Thursday, 6 October 2011

More Than Just Junk (post 1 of 2)

Back in 2003, after 13 long years, the Human Genome Project was completed and, for the first time, we were able to read the full genetic code of a human being. This publication was a landmark and resulted in a rapid increase in our understanding of many aspects of human biology. However, when first released, the genome also raised questions, the biggest of which was simply: where are the genes? It had been estimated that there would be around 100,000 genes in the genome to account for our complexity and genome size; however the actual number falls well short of this. It is estimated that we have between 20,000 and 25,000 genes, close to the number of genes a mouse has. Now consider this: our genome has approximately 3.2x109 base pairs (these are the chemical units which make up DNA) in length and the longest of all the 20-25,000 genes is about 2.4x106 base pairs, meaning the biggest gene in our genome takes up a mere 0.075%.  So what is all the rest?

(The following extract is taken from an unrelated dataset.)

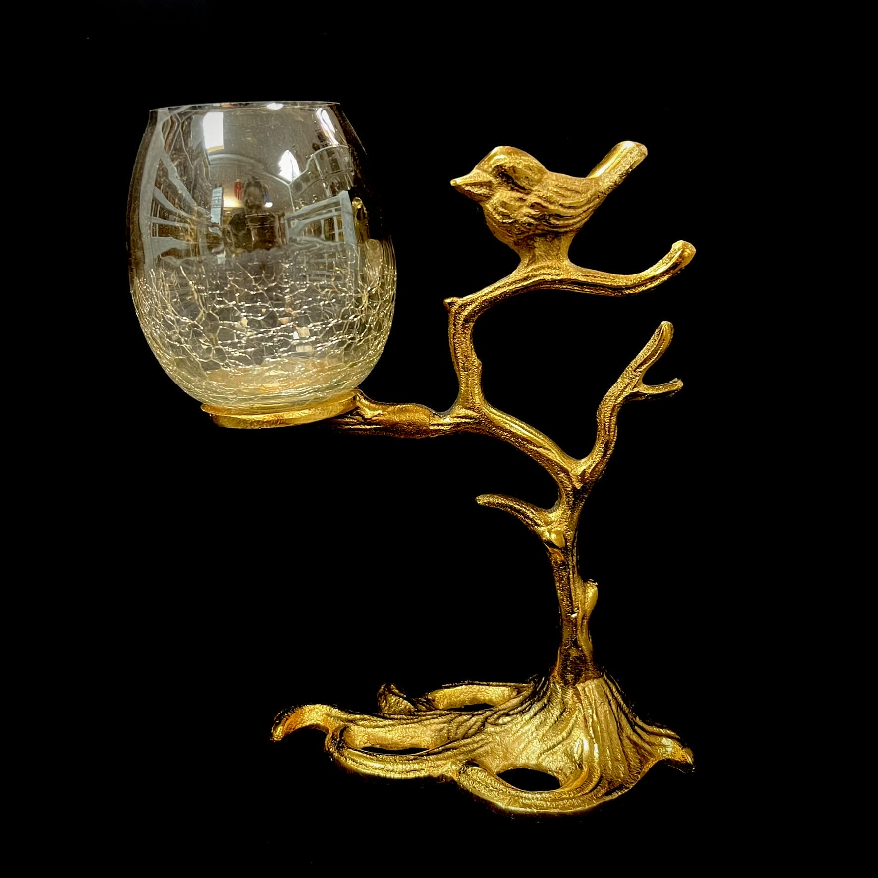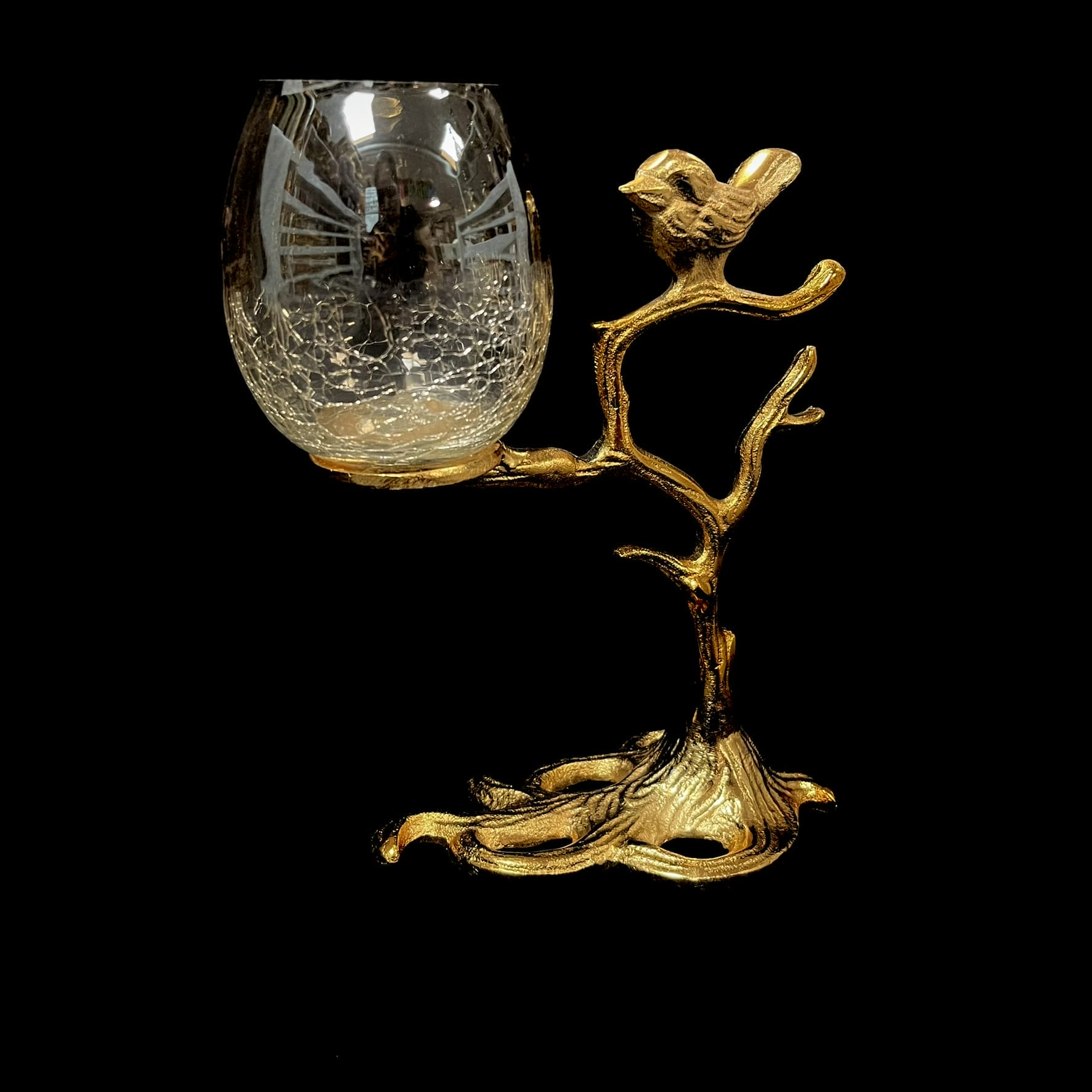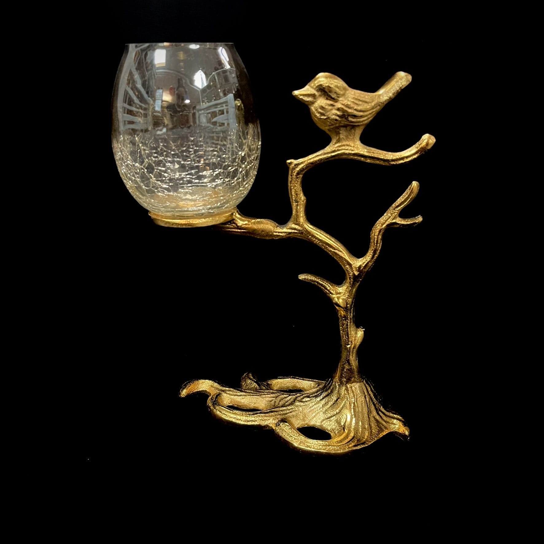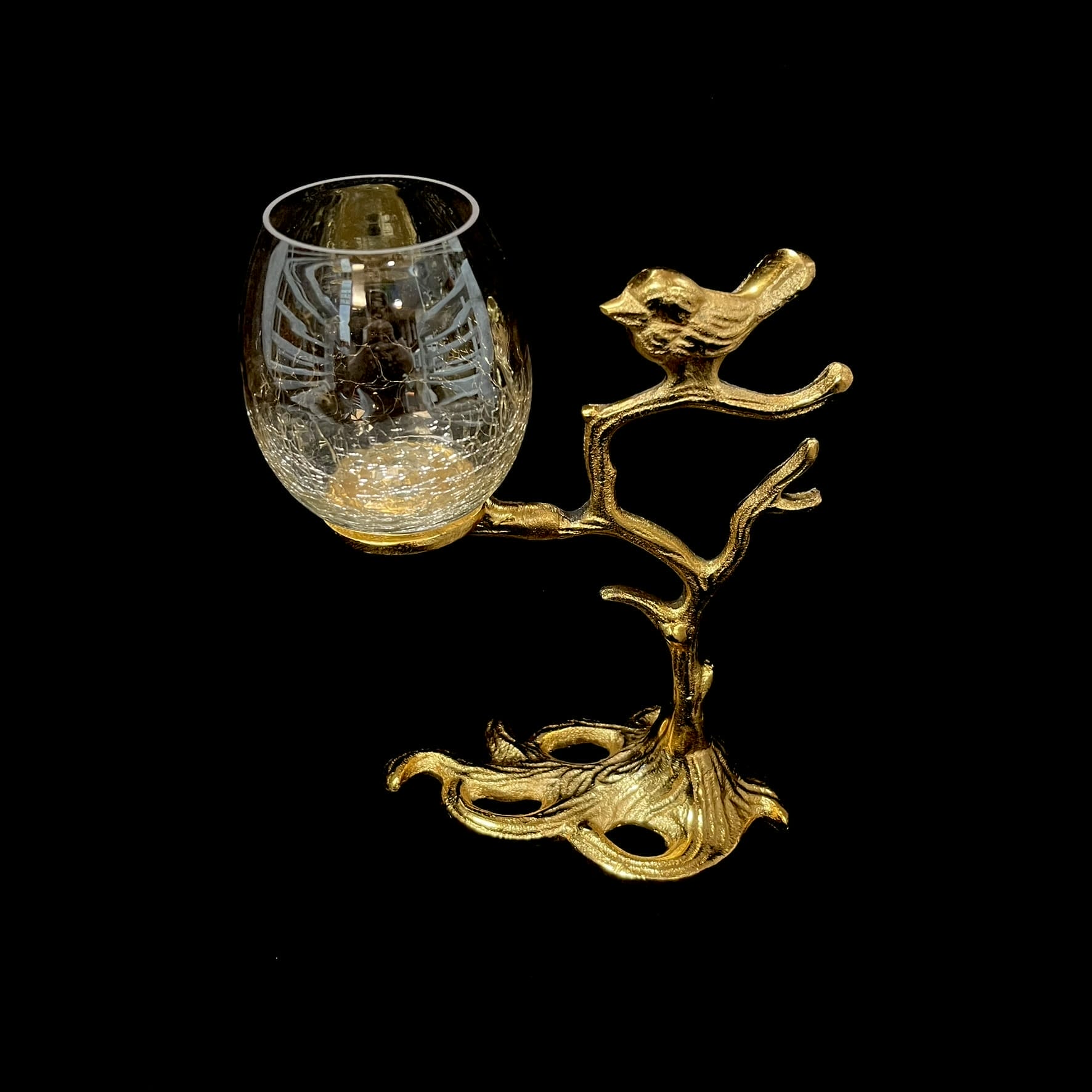 Crafted in an antique gold finish with a delicate bird perched on a branch, paired with a crackle glass holder, this piece creates a soft ambient glow perfect for cozy evenings and refined table styling. Its artistic form makes it both a functional candle holder and a decorative accent.

I’ve already alluded to the fact that only a small amount of the genome is actually the genes that make us what and who we are. Of the whole of our genome, a mere 2.5% is genes that are expressed somewhere in our bodies at some time in our life. In order for DNA to be expressed it must firstly be converted to a molecule called mRNA, which is in turn used to make protein the protein then functions in our bodies to make us what and who we are. The remaining 97.5% was once just considered to be ‘junk’ DNA that had no use. We now know there is a lot more to this remaining DNA than just ‘junk.’

Let us firstly consider the small part of our genome that is actually human genes or in some way related to human genes, which make up a mere 25% of our genome. Of this 25% only 10% is actually ‘coding’. This means (as I stated above) that only 2.5% of our entire genome actually gives molecules that have a function in our bodies. The remaining 90% (of the 25%) is composed of ‘non-coding’ DNA.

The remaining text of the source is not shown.